Let’s say we have an object model like this:
public class Category
{
public virtual Category Parent { get; set; }
public virtual string Name { get; set; }
public virtual ISet<Category> Children { get; protected set; }
}
public class Product
{
public virtual string Name { get; set; }
public virtual Category Category { get; set; }
public virtual decimal Price { get; set; }
}
On the database side, the relationship would be accomplished through a many-to-many relationship table, so the data schema would be something like this:
Category
=================
Id int PK
Name varchar(50)
Parent_Id int FK
Product
=================
Id int PK
Name varchar(50)
Price money
ProductToCategory
=================
Product_Id int PK
Category_Id int PK
Now let’s assume in the tree of categories is a branch that looks like this:
- Food
- Nut
- Cashew
- Peanut
- Pecan
- Bread
- Rye
- Wheat
- White
- Nut
Assuming we have products with potentially only one sub-category assigned, is it possible to construct a Criteria that would return all products with a category of Food with a single hit to the database and without using a CTE?
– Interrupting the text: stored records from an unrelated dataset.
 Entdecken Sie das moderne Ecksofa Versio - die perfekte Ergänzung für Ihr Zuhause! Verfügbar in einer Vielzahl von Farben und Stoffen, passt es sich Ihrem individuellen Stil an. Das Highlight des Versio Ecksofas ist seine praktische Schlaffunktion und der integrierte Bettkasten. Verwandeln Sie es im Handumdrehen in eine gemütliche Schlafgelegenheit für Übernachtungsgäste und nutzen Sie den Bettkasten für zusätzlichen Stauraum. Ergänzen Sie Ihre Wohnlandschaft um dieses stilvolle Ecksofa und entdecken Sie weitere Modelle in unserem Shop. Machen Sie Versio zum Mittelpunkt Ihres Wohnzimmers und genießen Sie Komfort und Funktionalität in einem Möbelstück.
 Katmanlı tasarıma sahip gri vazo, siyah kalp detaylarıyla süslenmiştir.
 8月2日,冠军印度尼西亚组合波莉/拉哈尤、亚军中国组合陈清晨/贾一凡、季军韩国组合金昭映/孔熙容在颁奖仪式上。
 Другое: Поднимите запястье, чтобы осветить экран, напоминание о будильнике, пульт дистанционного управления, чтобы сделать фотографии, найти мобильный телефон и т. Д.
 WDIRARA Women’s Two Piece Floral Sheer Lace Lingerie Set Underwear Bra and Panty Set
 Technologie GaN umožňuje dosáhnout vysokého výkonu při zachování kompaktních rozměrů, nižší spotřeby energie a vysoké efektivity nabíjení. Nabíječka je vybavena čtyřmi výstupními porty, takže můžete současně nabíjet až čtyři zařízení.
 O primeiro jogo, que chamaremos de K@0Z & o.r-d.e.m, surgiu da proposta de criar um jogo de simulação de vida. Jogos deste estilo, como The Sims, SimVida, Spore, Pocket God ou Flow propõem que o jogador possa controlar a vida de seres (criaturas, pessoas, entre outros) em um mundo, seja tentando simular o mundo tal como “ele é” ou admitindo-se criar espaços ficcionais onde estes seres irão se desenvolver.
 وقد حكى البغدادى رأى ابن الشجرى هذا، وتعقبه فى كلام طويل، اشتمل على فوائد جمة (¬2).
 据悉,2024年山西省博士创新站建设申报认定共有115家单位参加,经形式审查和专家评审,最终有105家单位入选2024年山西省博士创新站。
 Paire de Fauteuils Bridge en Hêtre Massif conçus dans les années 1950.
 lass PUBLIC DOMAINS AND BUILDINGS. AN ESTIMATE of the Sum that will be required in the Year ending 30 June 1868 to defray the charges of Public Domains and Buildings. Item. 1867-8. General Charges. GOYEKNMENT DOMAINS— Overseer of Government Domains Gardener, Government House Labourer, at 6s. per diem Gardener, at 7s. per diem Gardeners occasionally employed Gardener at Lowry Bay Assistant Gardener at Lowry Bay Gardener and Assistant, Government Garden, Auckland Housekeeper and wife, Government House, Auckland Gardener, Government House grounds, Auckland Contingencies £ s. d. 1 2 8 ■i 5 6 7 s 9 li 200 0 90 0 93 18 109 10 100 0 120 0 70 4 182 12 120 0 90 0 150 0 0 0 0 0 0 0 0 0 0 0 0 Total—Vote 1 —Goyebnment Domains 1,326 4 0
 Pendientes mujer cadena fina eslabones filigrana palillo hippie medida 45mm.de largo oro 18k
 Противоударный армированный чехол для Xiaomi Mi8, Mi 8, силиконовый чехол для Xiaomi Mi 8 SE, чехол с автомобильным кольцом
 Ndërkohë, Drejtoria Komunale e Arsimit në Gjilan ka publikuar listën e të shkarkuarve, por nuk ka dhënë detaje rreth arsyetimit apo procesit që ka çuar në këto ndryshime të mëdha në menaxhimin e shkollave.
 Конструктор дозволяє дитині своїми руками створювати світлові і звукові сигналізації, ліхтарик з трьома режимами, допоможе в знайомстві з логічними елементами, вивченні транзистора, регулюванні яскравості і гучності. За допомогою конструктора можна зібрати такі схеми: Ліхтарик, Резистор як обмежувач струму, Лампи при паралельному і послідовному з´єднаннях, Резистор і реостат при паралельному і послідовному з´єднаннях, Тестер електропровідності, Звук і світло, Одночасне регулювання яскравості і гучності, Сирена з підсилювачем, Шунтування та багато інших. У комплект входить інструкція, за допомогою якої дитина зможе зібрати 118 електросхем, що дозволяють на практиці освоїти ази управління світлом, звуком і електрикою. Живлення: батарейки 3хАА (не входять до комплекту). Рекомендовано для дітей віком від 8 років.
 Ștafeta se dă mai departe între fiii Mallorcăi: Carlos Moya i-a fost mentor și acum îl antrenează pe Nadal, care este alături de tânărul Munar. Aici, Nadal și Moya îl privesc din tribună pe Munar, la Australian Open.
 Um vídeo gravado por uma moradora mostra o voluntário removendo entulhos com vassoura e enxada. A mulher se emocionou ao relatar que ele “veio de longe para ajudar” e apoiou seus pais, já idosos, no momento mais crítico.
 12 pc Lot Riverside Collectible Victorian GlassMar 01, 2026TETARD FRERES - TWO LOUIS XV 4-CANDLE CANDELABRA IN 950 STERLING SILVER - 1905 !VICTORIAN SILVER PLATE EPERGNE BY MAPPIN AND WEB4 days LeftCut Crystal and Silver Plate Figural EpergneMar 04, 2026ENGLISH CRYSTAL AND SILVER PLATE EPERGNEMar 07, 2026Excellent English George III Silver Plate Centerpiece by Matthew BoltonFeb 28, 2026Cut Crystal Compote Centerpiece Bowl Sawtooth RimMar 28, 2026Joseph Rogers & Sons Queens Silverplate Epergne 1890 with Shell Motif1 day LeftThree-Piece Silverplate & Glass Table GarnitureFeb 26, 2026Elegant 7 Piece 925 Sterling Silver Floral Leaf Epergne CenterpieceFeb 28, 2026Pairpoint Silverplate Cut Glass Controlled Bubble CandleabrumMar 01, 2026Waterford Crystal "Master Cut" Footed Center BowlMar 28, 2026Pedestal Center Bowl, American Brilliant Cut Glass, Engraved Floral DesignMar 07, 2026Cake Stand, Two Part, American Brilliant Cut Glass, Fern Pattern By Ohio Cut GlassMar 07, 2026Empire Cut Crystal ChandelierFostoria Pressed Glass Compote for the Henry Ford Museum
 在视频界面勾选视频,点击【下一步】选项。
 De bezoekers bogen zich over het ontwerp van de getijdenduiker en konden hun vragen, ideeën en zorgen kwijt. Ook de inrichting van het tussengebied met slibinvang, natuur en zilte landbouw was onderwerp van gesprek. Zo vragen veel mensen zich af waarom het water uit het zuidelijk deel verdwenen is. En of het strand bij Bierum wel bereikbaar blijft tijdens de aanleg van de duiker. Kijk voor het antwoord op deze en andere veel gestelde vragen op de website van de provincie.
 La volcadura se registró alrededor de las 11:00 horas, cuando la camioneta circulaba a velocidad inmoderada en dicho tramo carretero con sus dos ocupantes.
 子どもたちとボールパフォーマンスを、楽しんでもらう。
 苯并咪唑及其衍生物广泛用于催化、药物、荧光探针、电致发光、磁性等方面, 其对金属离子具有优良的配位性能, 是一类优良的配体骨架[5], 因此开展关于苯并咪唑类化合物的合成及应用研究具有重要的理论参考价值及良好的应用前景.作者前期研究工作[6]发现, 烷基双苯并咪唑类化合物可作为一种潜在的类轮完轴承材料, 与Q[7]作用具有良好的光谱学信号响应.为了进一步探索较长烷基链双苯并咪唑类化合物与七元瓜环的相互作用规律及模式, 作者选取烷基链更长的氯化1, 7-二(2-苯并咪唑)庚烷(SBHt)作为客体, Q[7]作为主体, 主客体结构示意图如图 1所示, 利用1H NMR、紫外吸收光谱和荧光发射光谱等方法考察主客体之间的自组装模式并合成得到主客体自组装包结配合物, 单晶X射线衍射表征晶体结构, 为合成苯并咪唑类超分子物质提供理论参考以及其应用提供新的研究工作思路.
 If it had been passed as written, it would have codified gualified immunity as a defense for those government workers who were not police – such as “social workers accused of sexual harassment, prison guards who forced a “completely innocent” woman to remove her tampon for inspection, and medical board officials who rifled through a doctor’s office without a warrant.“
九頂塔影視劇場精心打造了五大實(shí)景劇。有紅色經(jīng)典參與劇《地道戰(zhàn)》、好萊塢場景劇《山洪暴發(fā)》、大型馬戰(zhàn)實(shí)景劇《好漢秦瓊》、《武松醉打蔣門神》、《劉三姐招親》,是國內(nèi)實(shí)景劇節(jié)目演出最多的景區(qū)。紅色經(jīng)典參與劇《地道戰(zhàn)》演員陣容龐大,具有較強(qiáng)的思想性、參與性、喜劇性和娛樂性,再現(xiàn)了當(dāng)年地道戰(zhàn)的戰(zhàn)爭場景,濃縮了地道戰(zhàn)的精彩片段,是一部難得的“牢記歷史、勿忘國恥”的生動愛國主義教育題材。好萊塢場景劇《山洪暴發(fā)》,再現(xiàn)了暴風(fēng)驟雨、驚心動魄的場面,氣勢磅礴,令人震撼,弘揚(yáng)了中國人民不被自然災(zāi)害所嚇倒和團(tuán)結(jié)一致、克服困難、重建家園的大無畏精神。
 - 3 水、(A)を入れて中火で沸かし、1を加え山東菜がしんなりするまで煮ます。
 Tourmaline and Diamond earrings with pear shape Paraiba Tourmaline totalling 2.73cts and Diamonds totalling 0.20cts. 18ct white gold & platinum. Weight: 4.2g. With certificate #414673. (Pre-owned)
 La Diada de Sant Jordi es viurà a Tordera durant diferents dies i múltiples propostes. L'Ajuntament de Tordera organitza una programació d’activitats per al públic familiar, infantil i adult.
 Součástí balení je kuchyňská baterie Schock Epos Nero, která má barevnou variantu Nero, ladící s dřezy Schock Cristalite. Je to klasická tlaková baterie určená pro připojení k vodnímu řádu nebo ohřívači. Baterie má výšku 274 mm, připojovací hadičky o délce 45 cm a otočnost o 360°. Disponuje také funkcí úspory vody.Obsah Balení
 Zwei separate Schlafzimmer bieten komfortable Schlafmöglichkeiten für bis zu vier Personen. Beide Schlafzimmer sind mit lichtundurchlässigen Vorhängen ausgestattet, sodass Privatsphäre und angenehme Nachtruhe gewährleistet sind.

Or, given that there won’t be an abundance of categories, would it be better to load the full category map into memory and construct the criteria such that it searches for products where Category_Id in (...) and the list is constructed off the in-memory tree?
You’ll have to use a CTE to do this. I can’t think of a single SQL query that would load all products of a hierarchical category without using, let alone getting NHibernate to do it for you.
Yes. If there isn’t much data and this is an option, it’s the simplest, fastest, low-maintenance, least complex way of doing it.